Civilizations throughout history have thrived only where water was available. They declined when water became perennially scarce.
It is no secret that Malta is a water stressed country. Maintaining a population and an economy on this island state is, like any other state, dependent on an adequate supply of water. Malta’s supply has been entrusted to a non-renewable engineering solution dependant on desalination and unsustainable extraction of water from a depleting aquifer confirmed by deteriorating water quality.
Our demand for water shows a relentless upward trend quenched by greater dependence on desalination and underground water extraction. The aquifer shows an upward trend too but unfortunately only in its salinity and the concentrations of other undesirable infiltrations. This resource is fast becoming unusable to the extent that in some zones it increases soil salinity when used for irrigation. There is only one controversy. It is not about whether the aquifer will become unusable, it is about when.
With due respect to our politicians and their aids, they have redefined the meaning of the word sustainable. Malta’s major issues are de facto all unsustainable. Agriculture, water extraction, land use, waste disposal and population growth – to mention what comes to mind – are all unsustainable. Lifestyle ‘improvements’ on this island have become coupled to deteriorating resources no better exemplified by the dwindling supply of renewable potable water.
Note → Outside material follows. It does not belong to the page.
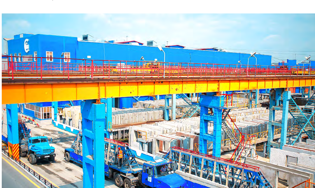
Собственный автопарк насчитывает 225 единиц техники

The only potential renewable water source is rainfall as long as it keeps falling in reasonably predictable quantities. It is also the only means by which Malta’s aquifer could recharge itself to allow sustainable extraction. In spite of inconveniences caused by instances of heavy rainfall, this has always been cherished till today. From tomorrow we plan to create a system to dispose of rainfall as fast as we can by building a network of run off tunnels leading to the sea. As the younger generation would thoughtlessly say: cool!
Let us be objective. When we have heavy rains, we do get traffic disruption, some damage to property and rarely a life is lost. However, do a few days a year of flooding justify spending €40 million if the only result is doing away with this inconvenience and then only in some areas? A glorified, expensive sewer!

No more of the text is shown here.